LangGraph Checkpointer on KurrentDB

Lokhesh Ujhoodha avatar
Lokhesh Ujhoodha

Overview

KurrentDB is well-suited for agentic workflows thanks to its append-only storage of every state transition as events in streams. This approach ensures a complete historical record, enabling reconstruction of any process or entity’s journey, unlike CRUD systems that only retain the latest state. This article illustrates how KurrentDB can serve as a LangGraph checkpointer, enhancing observability even for internal checkpointing processes in complex agentic systems.

If you are already familiar with how KurrentDB works, you can skip to how LangGraph works, how KurrentDB can be used to solve checkpointing problems, and the associated Python Notebook below or in our examples folder.

What is KurrentDB?

KurrentDB is a database that is engineered for modern software applications and event-driven architectures. Its event-native design simplifies data modeling and preserves data integrity, while the integrated streaming engine solves distributed messaging challenges and ensures data consistency.

How is data stored in KurrentDB?

Data is append-only stored and read as events from streams. For example, the following diagram shows a stream of business facts, stored as events, related to a shopping cart. This is an easy way to map state transitions.

History of state changes as eventsHistory of state changes as events

History of state changes as events

With the stream above you can replay the events to reach the final state of your cart, in this case two batteries and one Robotoy. The advantage with keeping every state transition is that contrary to CRUD, where you would only have the last state after an update, you now know that a user had previously added three batteries and then later removed one battery.

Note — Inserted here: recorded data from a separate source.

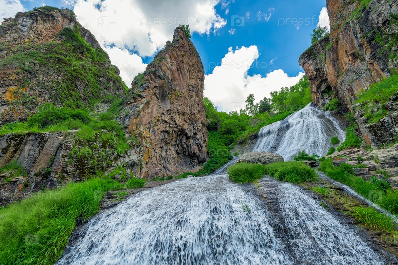 Нижний вид на изящный водопад Jermuk Mermaid Hair в Армении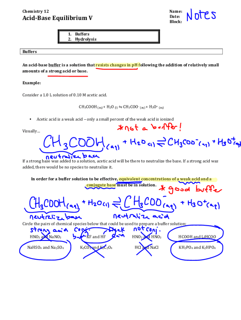 Chemistry12Name: Date: Block:AcidBaseEquilibriumV 1. Buffers 2. Hydrolysis BuffersAnacidbasebufferisasolutionthatresistschangesinpHfollowingtheadditionofrelativelysmall amountsofastrongacidorbase.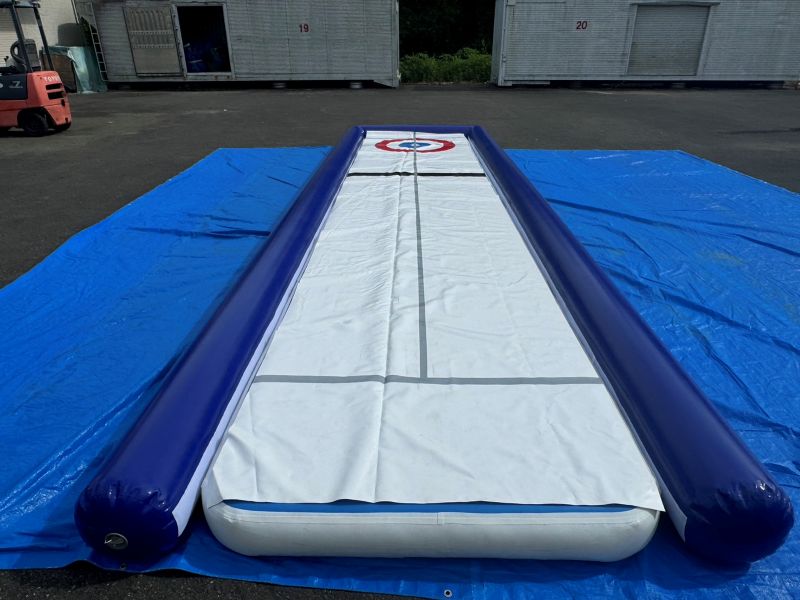 エアー式カーリングは、空気で膨らませるだけの簡単設置で屋内外どちらでも楽しめる新感覚カーリングゲームです。軽量のストーンを使うため小さなお子様でも安心して投球でき、1対1の真剣勝負が手軽に味わえます。 送風機と予備機、シート、ストーン一式がセットになっており、搬入から運営までスムーズに行えるのが特長です。お問い合わせお待ちしております!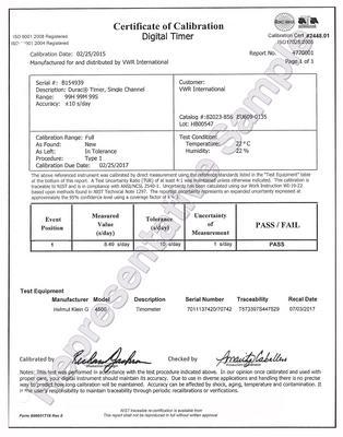 Here is the corrected text: Mounting options include laying flat on a bench, using the flip-open stand for a vertical view, carrying it on a lab coat with the convenient pocket clip, or using the magnetic back for metal surface attachment. This electronic timer features a Certificate of Calibration and an individual serial number, and has been tested and calibrated in H-B's exclusive triple-accredited/registered ISO/IEC 17025:2005, A2LA-accredited laboratory (Cert #2448.01), against equipment whose calibration is traceable to NIST. Key Features: • Clock feature • Last time set memory • Multiple mounting options Certifications: • CE marked • RoHS compliant Ordering Information: Requires one LR44 battery (included). Product Specifications: • Cat. No.: 82023-858 • Dimensions: 70 × 51 mm (2.8 × 2") • Accuracy: ±3 s • Timer: 23 h, 59 min, 59 s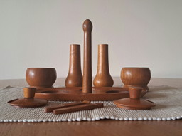Mid-Century Teak Spice & Sugar Set – 6 Pieces – Vintage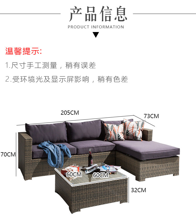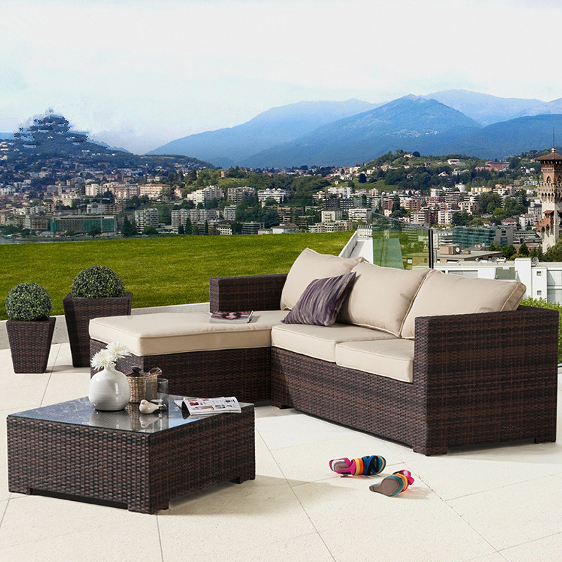 Открытый отдых на открытом воздухе диван диван Комбинированный сад трехперрантный ротан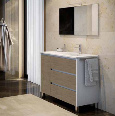 - L100 x A81 x P45 cm: Estrutura com 1 porta e 3 gavetas, Lavatório à Direita.
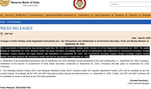 The RBI had declared 5th September as a holiday initially but had cancelled it. A report published by the Economic Times captures this and writes that the RBI said “The Government of Maharashtra has declared September 08, 2025, as a public holiday under Section 25 of the Negotiable Instruments Act, 1881. The public holiday on September 05, 2025, declared earlier has been cancelled.”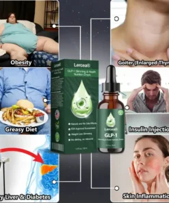 Lerceaยฎ GLP-1 Slimming & Health Nutrition Drops help control blood sugar by boosting insulin secretion and inhibiting glucagon release, stabilizing blood sugar levels. GLP-1 also delays gastric emptying and increases satiety, reducing food intake and promoting weight loss. Weight loss improves insulin sensitivity, lowers blood sugar, and reduces diabetes complications, making Lerceaยฎ an effective tool in diabetes management.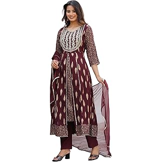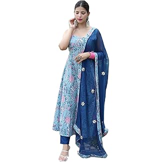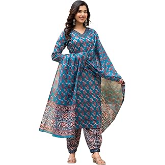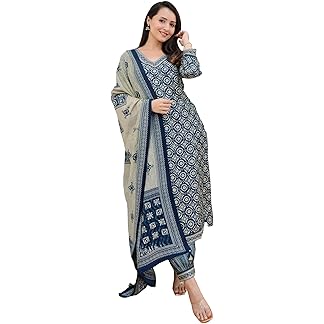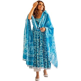 GoSriKi Women’s Cotton Blend Anarkali Printed Kurta with Pant & Dupatta

How is data indexed in KurrentDB?

In KurrentDB the index is over the stream names so accessible streams are efficient and it is encouraged to create as many fine-grained streams as possible. This is why all the channel values (nodes and state) have their own dedicated stream. If you had to estimate the number of streams created for your LangGraph graph, you need to account for the thread, all nodes and state variables. This allows you to subscribe to the streams and keep track of changes live if you wish to do that.

Concurrency control is available to handle dual write problems faster than other databases thanks to an internal cache on streams and the way the internals are built.

What is LangGraph?

LangGraph is an orchestration framework for complex agentic systems. At its core, LangGraph models agent workflows as graphs made up of States, Nodes and Edges and a messaging system inspired by Google’s Pregel System.

LangGraph’s underlying graph algorithm uses message passing to define a general program. When a Node completes its operation, it sends messages (as Channels) along one or more edges to other node(s).

The checkpointer is responsible for storing those channels and state. LangGraph ships with in- memory, SQLite and PostgreSQL implementations of the checkpointer. However, you can find other third party checkpointers in PyPi.

Using KurrentDB to checkpoint LangGraph

Given the properties above, we thought that it would be interesting to see how well KurrentDB would fit as a checkpointer for LangGraph. Because at the end of the day, LangGraph needs to manage Channels and State and this maps particularly well to KurrentDB given its qualities to persist state transitions.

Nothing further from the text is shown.